**Source records**.
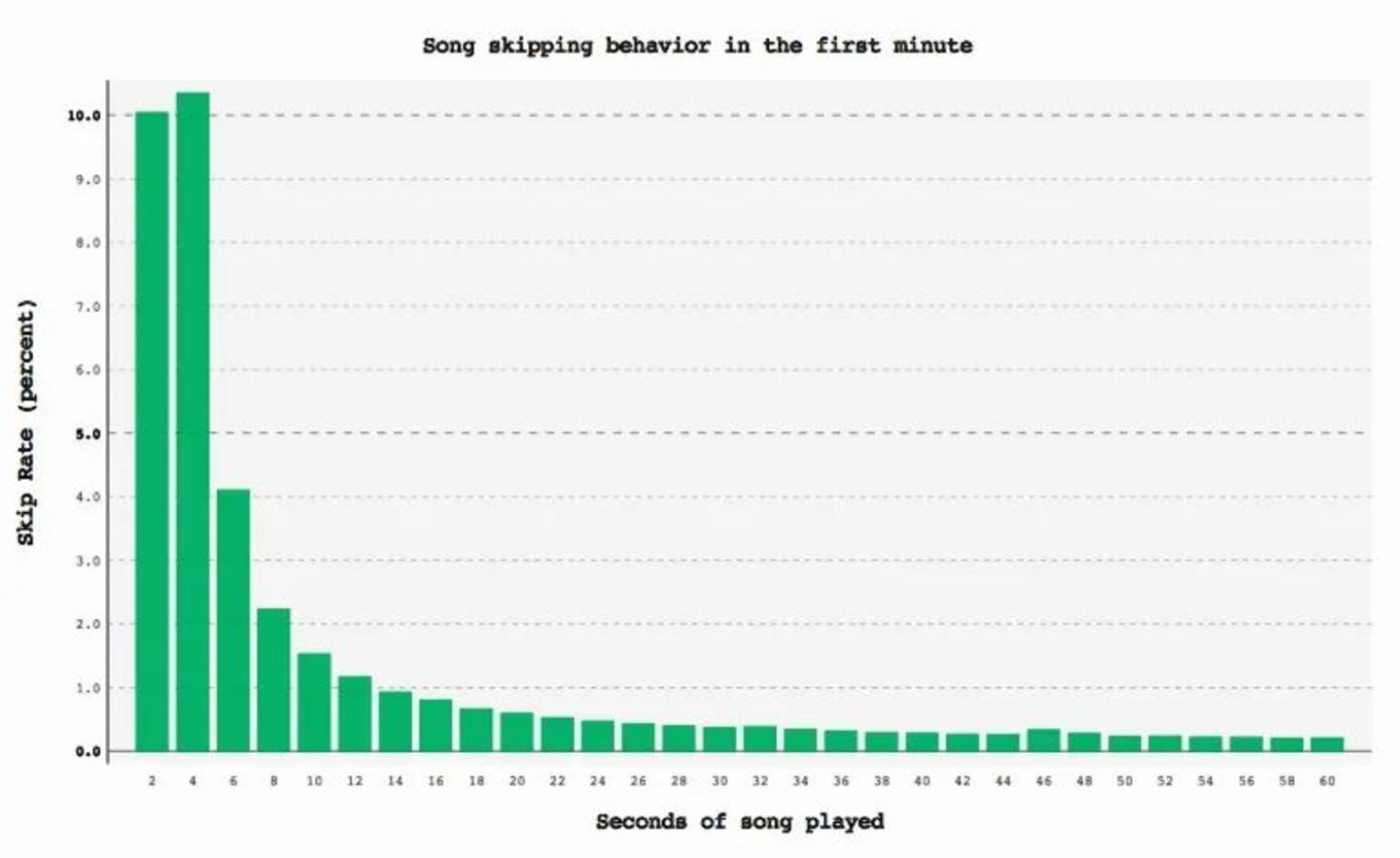根据数据分析师Paul Lamere的研究,以Spotify为例,倘若用户选择跳过歌曲,在前5秒内切歌的可能性为24.14%,前10秒内为28.97%,前30秒为35.05%。由图表可以更直观看出,针对不喜欢的歌曲,用户大概率会在前5秒内切歌。
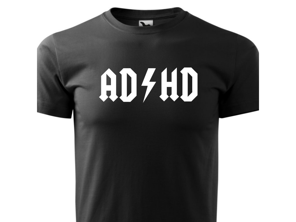 Pánské hudební tričko AD HD v černé barvě. Darujte tričko svým blízkým nebo sobě. Triko s potiskem je originální a vtipný dárek.
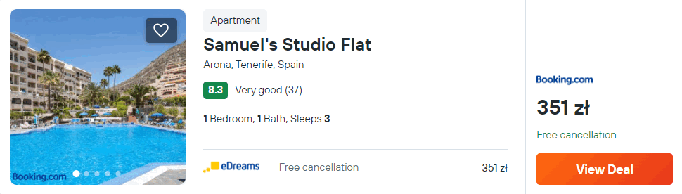 Na Teneryfie proponuję ci noclegi w kompleksie Samuel’s Studio Flat, który znajduje się w miejscowości Los Cristianos, w odległości nieco ponad 1 km od plaż: Los Tarajales oraz Los Cristianos.
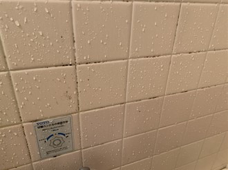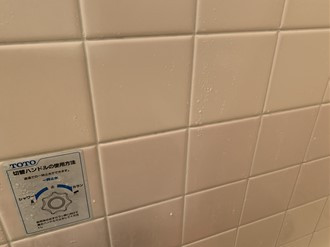 浴室内の壁がタイルの場合、タイルの目地がこのようにカビで黒くなってきてしまいます。あまりにも年数がたっていると、カビの色が着色してしまって、白く元に戻らなくなるので、早めにカビキラーなどで対処しましょう。
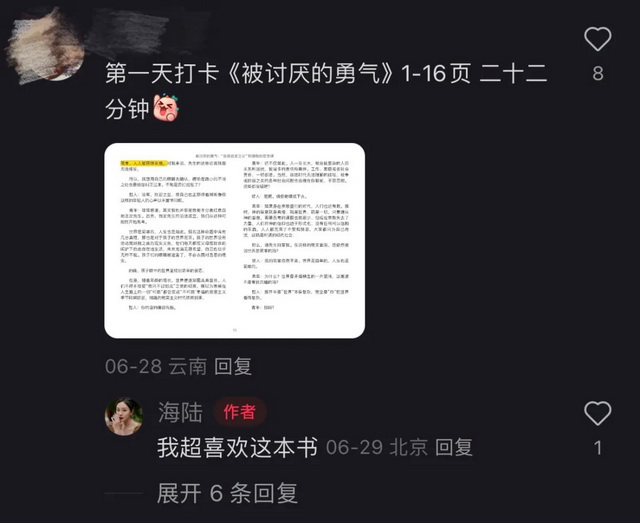 跟随号召,粉丝们纷纷开始晒起了自己的“读书打卡照”,一位网友晒出自己阅读《被讨厌的勇气》的图片,海陆回复,“我超喜欢这本书”。
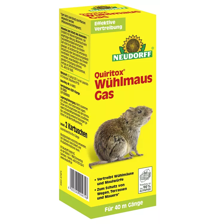 Fernhaltemittel gegen Wühlmäuse und Maulwürfe. Vertreibt die Tiere effektiv von Wegen, Terrassen und Mauern, ohne sie zu schädigen. Mit Duftstoffen, die durch das Entzünden der Rauchkartuschen freigesetzt werden.
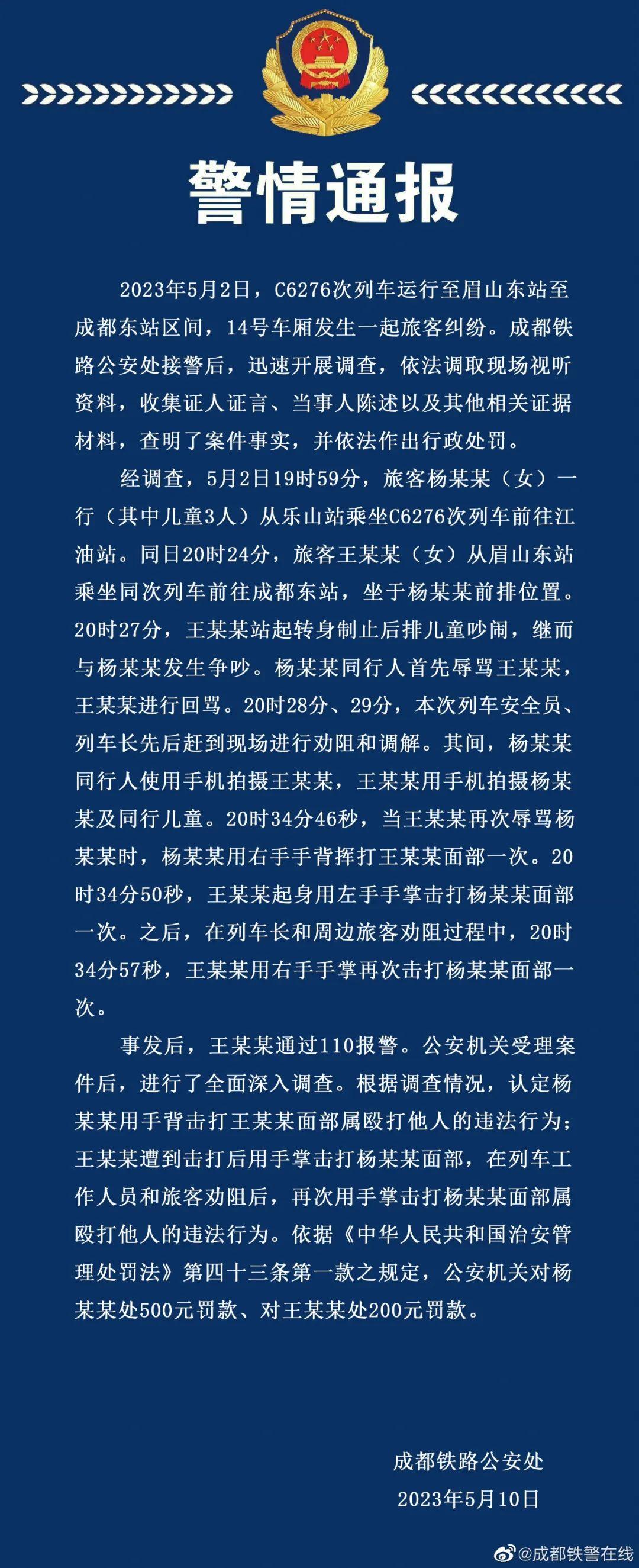 面對(duì)網(wǎng)絡(luò)質(zhì)疑,5月10日,成都鐵路公安處官方微博“@成都鐵警在線”發(fā)布警情通報(bào)稱,根據(jù)調(diào)查情況,認(rèn)定楊某某用手背擊打王某某面部屬毆打他人的違法行為;王某某遭到擊打后用手掌擊打楊某某面部,在列車工作人員和旅客勸阻后,再次用手掌擊打楊某某面部屬毆打他人的違法行為。警方據(jù)此認(rèn)為雙方均違反治安管理處罰法,并處以不同金額的罰款。隨后,四川廣播電視臺(tái)“@四川觀察”、封面新聞公布現(xiàn)場(chǎng)視頻,涉及列車車廂監(jiān)控、列車長(zhǎng)巡檢記錄儀、當(dāng)事雙方手機(jī)所拍視頻等多個(gè)角度,直觀地呈現(xiàn)雙方發(fā)生爭(zhēng)執(zhí)繼而爆發(fā)肢體沖突的過程。網(wǎng)絡(luò)討論熱度再次攀升,微博上形成“#高鐵掌摑事件雙方曾多次對(duì)罵#”“#高鐵被打女子2次打人被認(rèn)定違法#”“#王某某被打后兩次掌摑楊某某#”等多個(gè)話題,不少網(wǎng)民一改之前支持王某某的立場(chǎng)。但部分網(wǎng)民仍從情感角度出發(fā),質(zhì)疑官方對(duì)視頻進(jìn)行二次剪輯,認(rèn)為警方苛求被打者還擊的間隔時(shí)間有失公平。
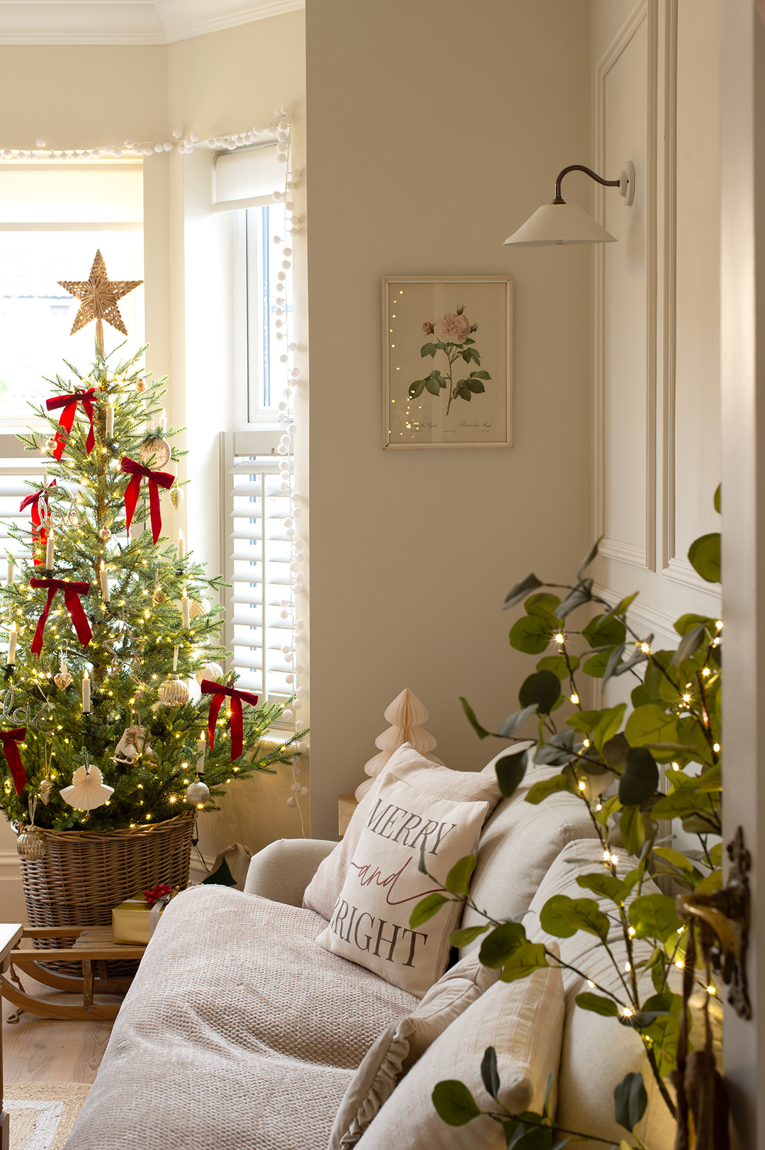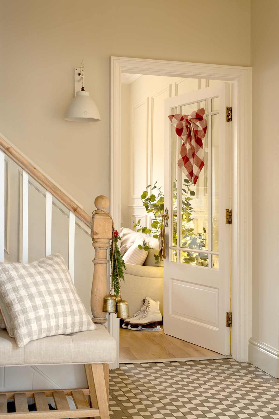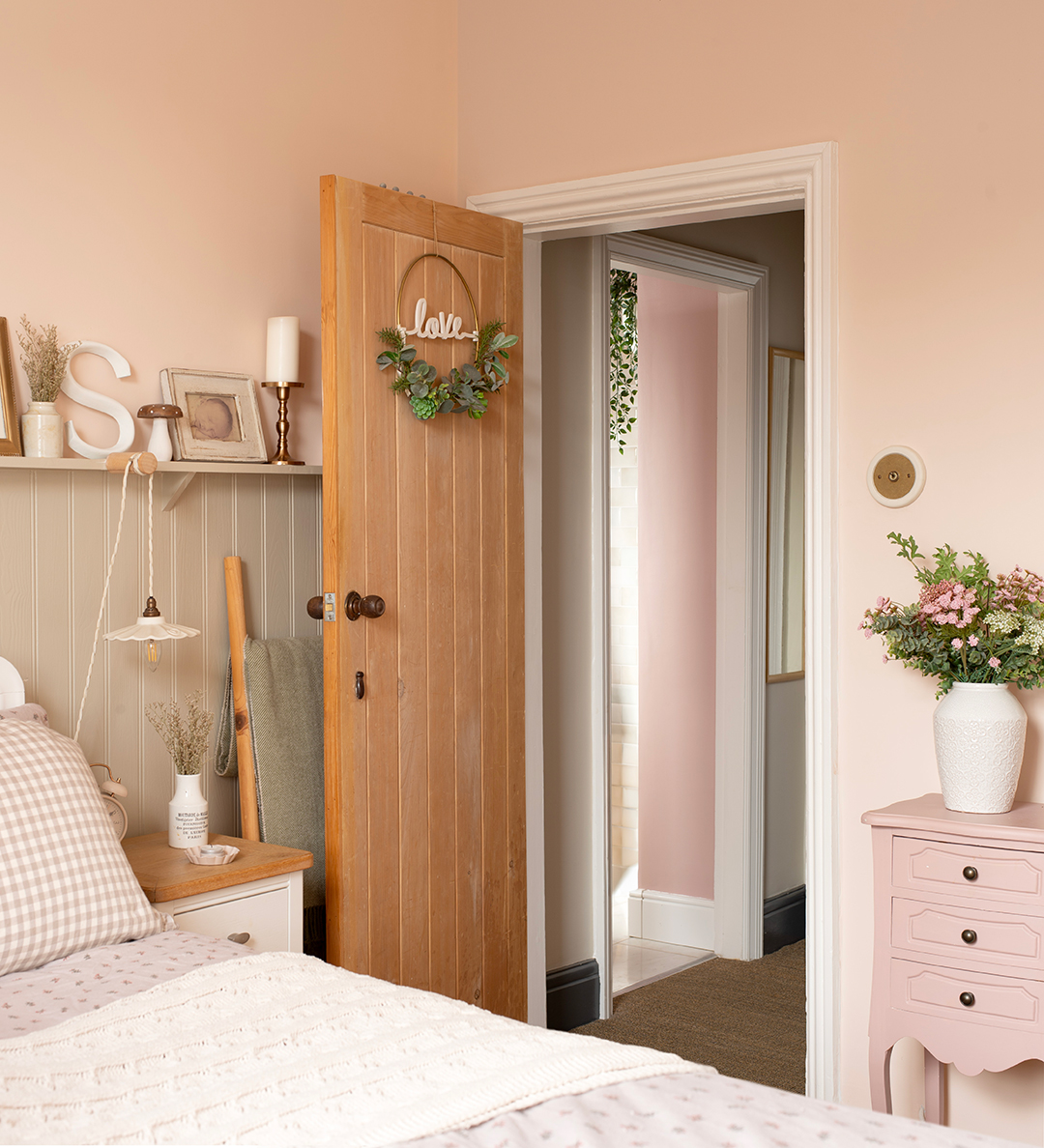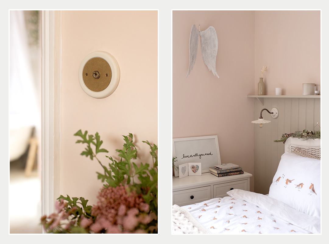 Moving through the house, lighting becomes less about statement and more about guidance and comfort. In the hallway, Sarah chose a Flatford wall light with the Ophelia shade. Positioned alongside the staircase, it offers reassurance and softness, a gentle pause between rooms.

**Work to complete**. Transcribe every record above exactly, leaving out the pictures.

**Reply to the task**.
根据数据分析师Paul Lamere的研究,以Spotify为例,倘若用户选择跳过歌曲,在前5秒内切歌的可能性为24.14%,前10秒内为28.97%,前30秒为35.05%。由图表可以更直观看出,针对不喜欢的歌曲,用户大概率会在前5秒内切歌。
 Pánské hudební tričko AD HD v černé barvě. Darujte tričko svým blízkým nebo sobě. Triko s potiskem je originální a vtipný dárek.
 Na Teneryfie proponuję ci noclegi w kompleksie Samuel’s Studio Flat, który znajduje się w miejscowości Los Cristianos, w odległości nieco ponad 1 km od plaż: Los Tarajales oraz Los Cristianos.
 浴室内の壁がタイルの場合、タイルの目地がこのようにカビで黒くなってきてしまいます。あまりにも年数がたっていると、カビの色が着色してしまって、白く元に戻らなくなるので、早めにカビキラーなどで対処しましょう。
 跟随号召,粉丝们纷纷开始晒起了自己的“读书打卡照”,一位网友晒出自己阅读《被讨厌的勇气》的图片,海陆回复,“我超喜欢这本书”。
 Fernhaltemittel gegen Wühlmäuse und Maulwürfe. Vertreibt die Tiere effektiv von Wegen, Terrassen und Mauern, ohne sie zu schädigen. Mit Duftstoffen, die durch das Entzünden der Rauchkartuschen freigesetzt werden.
 面對(duì)網(wǎng)絡(luò)質(zhì)疑,5月10日,成都鐵路公安處官方微博“@成都鐵警在線”發(fā)布警情通報(bào)稱,根據(jù)調(diào)查情況,認(rèn)定楊某某用手背擊打王某某面部屬毆打他人的違法行為;王某某遭到擊打后用手掌擊打楊某某面部,在列車工作人員和旅客勸阻后,再次用手掌擊打楊某某面部屬毆打他人的違法行為。警方據(jù)此認(rèn)為雙方均違反治安管理處罰法,并處以不同金額的罰款。隨后,四川廣播電視臺(tái)“@四川觀察”、封面新聞公布現(xiàn)場(chǎng)視頻,涉及列車車廂監(jiān)控、列車長(zhǎng)巡檢記錄儀、當(dāng)事雙方手機(jī)所拍視頻等多個(gè)角度,直觀地呈現(xiàn)雙方發(fā)生爭(zhēng)執(zhí)繼而爆發(fā)肢體沖突的過程。網(wǎng)絡(luò)討論熱度再次攀升,微博上形成“#高鐵掌摑事件雙方曾多次對(duì)罵#”“#高鐵被打女子2次打人被認(rèn)定違法#”“#王某某被打后兩次掌摑楊某某#”等多個(gè)話題,不少網(wǎng)民一改之前支持王某某的立場(chǎng)。但部分網(wǎng)民仍從情感角度出發(fā),質(zhì)疑官方對(duì)視頻進(jìn)行二次剪輯,認(rèn)為警方苛求被打者還擊的間隔時(shí)間有失公平。
 Moving through the house, lighting becomes less about statement and more about guidance and comfort. In the hallway, Sarah chose a Flatford wall light with the Ophelia shade. Positioned alongside the staircase, it offers reassurance and softness, a gentle pause between rooms.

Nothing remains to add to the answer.